Concreteness

Making a correlation into a story

If you have a burning interest in the correlation between health and education, you are a nobler, higher-minded person than me. But notice how Gina Kolata, in the NYT, grabs our attention:

It was 1999 and a Columbia University graduate student, Adriana Lleras-Muney, was casting about for a topic for her doctoral dissertation in economics. She found an idea in a paper published in 1969. Three economists noted the correlation between education and health and gave some advice: If you want to improve health, you will get more return by investing in education than by investing in medical care.

It had been an inflammatory statement, Dr. Lleras-Muney says. And for good reason. It could only be true if education in and of itself caused good health.

But there were at least two other possibilities.

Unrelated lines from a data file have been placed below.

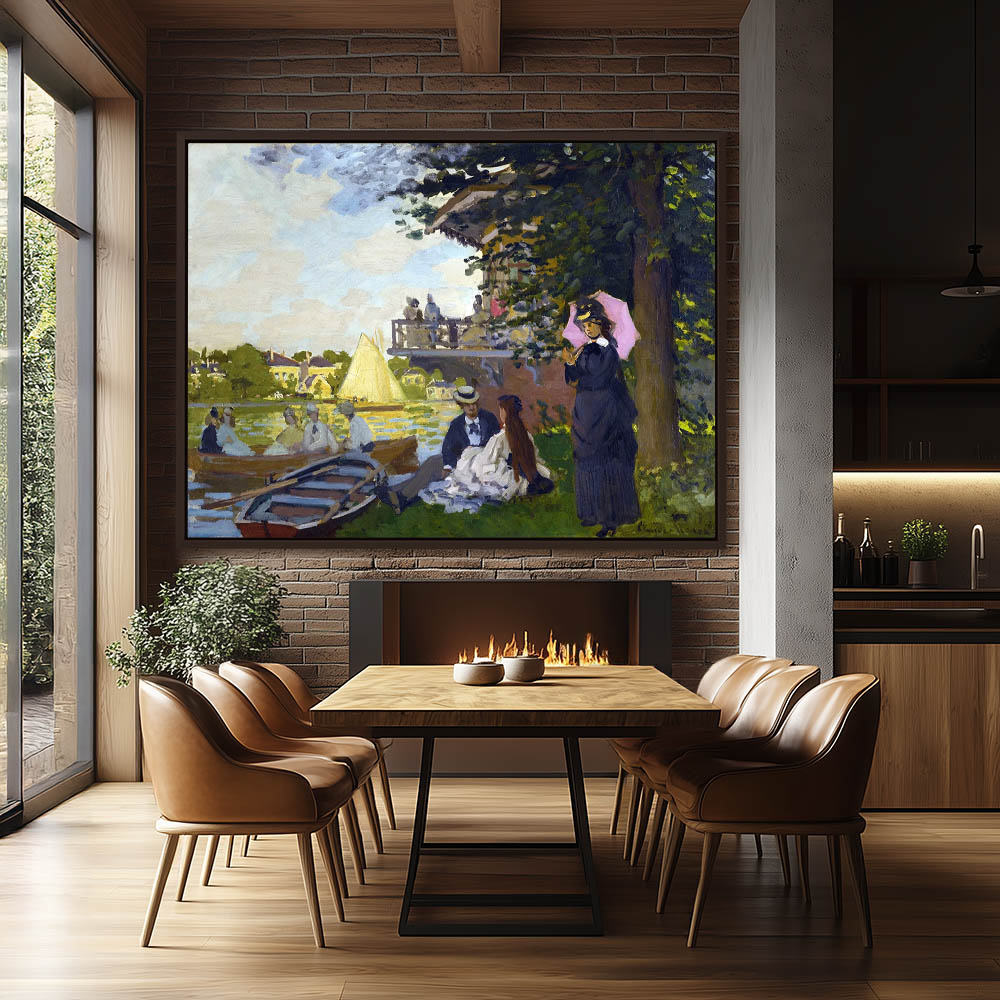 Vintage Painting of a Woman under a Tree on the Bank of the Seine
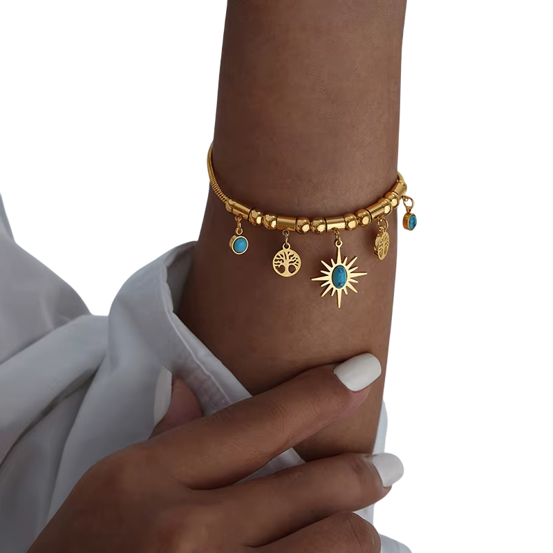 Dette elegante etno boho smykkesæt er designet til kvinder, der elsker original stil og markante mode accessories. Halskæden med en længde på 40+5 cm fremhæver smukt dekolletéen og giver outfittet et fint og sofistikeret udseende. Sættet inkluderer også et armbånd med en længde på 17+5 cm, som perfekt komplementerer halskæden og skaber en harmonisk helhed. Smykkerne er lavet af højkvalitets rustfrit stål, som er kendt for sin holdbarhed, lange levetid og elegante glans. Dette etno boho smykkesæt er det ideelle valg til bryllupsfejringer, sociale begivenheder og daglig stil.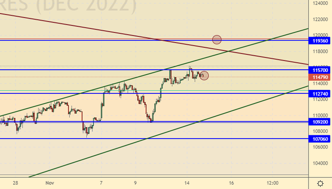 Продолжаются маневры по индексу РТС в районе 115000. Пока не можем пройти к 120000. Если такая ситуация сохранится сегодня, то у продавцов появится шанс на контратаку, скорее вечером, после выход данных по инфляции в США.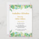 Une élégante invitation à la remise des diplômes sur le thème tropical, avec une bordure en haut et en bas de jolies fleurs et de la verdure avec une touche de confettis doré (numériquement crépi). Le dos a un large motif rayé dans la coordination des couleurs.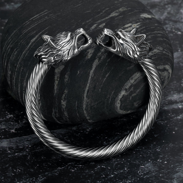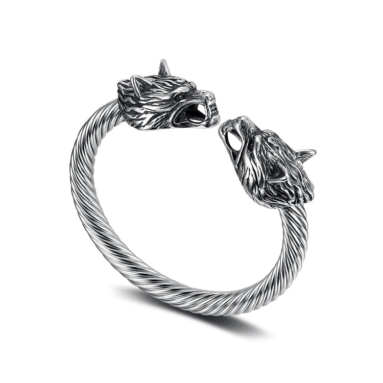 Nordic Pride Handcrafted Stainless Steel Large Grey Wolf Head Torc Bracelet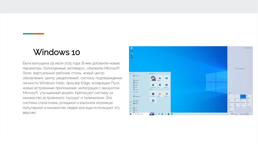 Windows 10Была выпущена 29 июля 2015 года. В нее добавили новые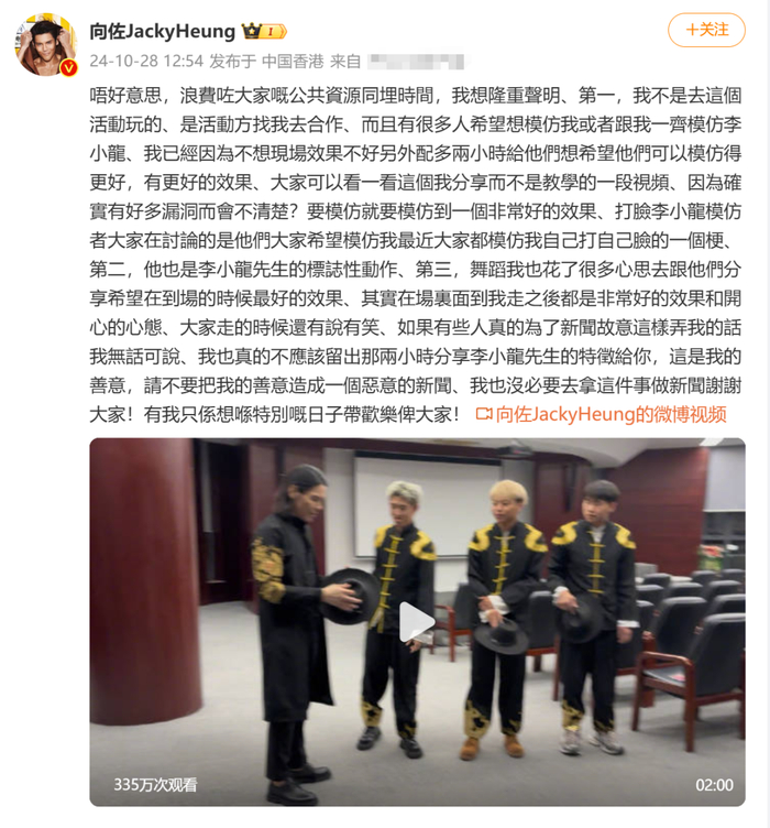 向佐发微博回应此事,称自己是受活动方邀请参加的活动,因为很多人希望模仿“向佐”或者一起模仿李小龙,自己还延长了2个小时的活动时间。打脸李小龙模仿者是大家希望其模仿自己打自己的一个梗,舞蹈自己花了很多心思,大家走的时候还有说有笑,如果有些人为了新闻故意这样弄他,也无话可说。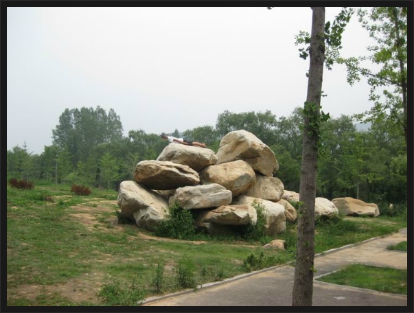 <소림사 경내의 바위 쌓인 곳 - 아빠가 말리는데도 한별이는 친구들에게 "인증 샷"를 보여주어야 한다면 굳이 바위 위로 올라가서 요즘 호주 젊은이들 사이에 인기 있는 "시체놀이"를 하고 있습니다.>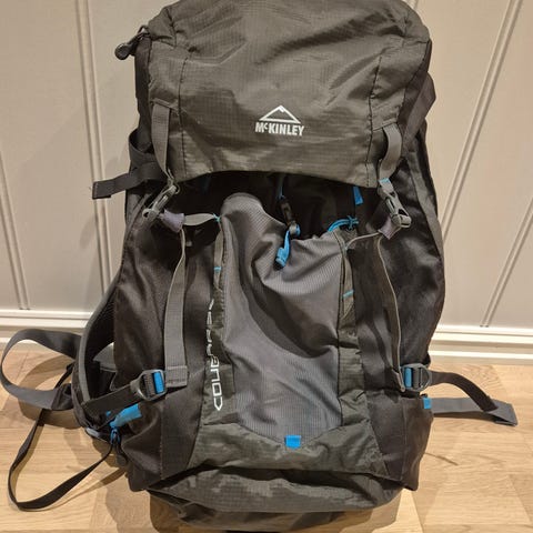 Har fått ny sekk så derfor selger jeg. Rygg-justeringen har jeg ikke fått til mens den har ligget i boden - men den fingernemme får vel satt metallstangen på plass. Den har et lite hull i topplokket - hvis noen har lite grann syskills kan dette lett fikses

Maybe sick children did not go to school, or dropped out early because they were ill. Or maybe education was a proxy for wealth, and it was wealth that led to health. It could be that richer parents who gave their children everything, including better nutrition, better medical care and a better education, had children who, by virtue of being wealthy, lived longer.

How, she asked herself, could she sort out causes and effects? It was the chicken-and-egg problem that plagues such research.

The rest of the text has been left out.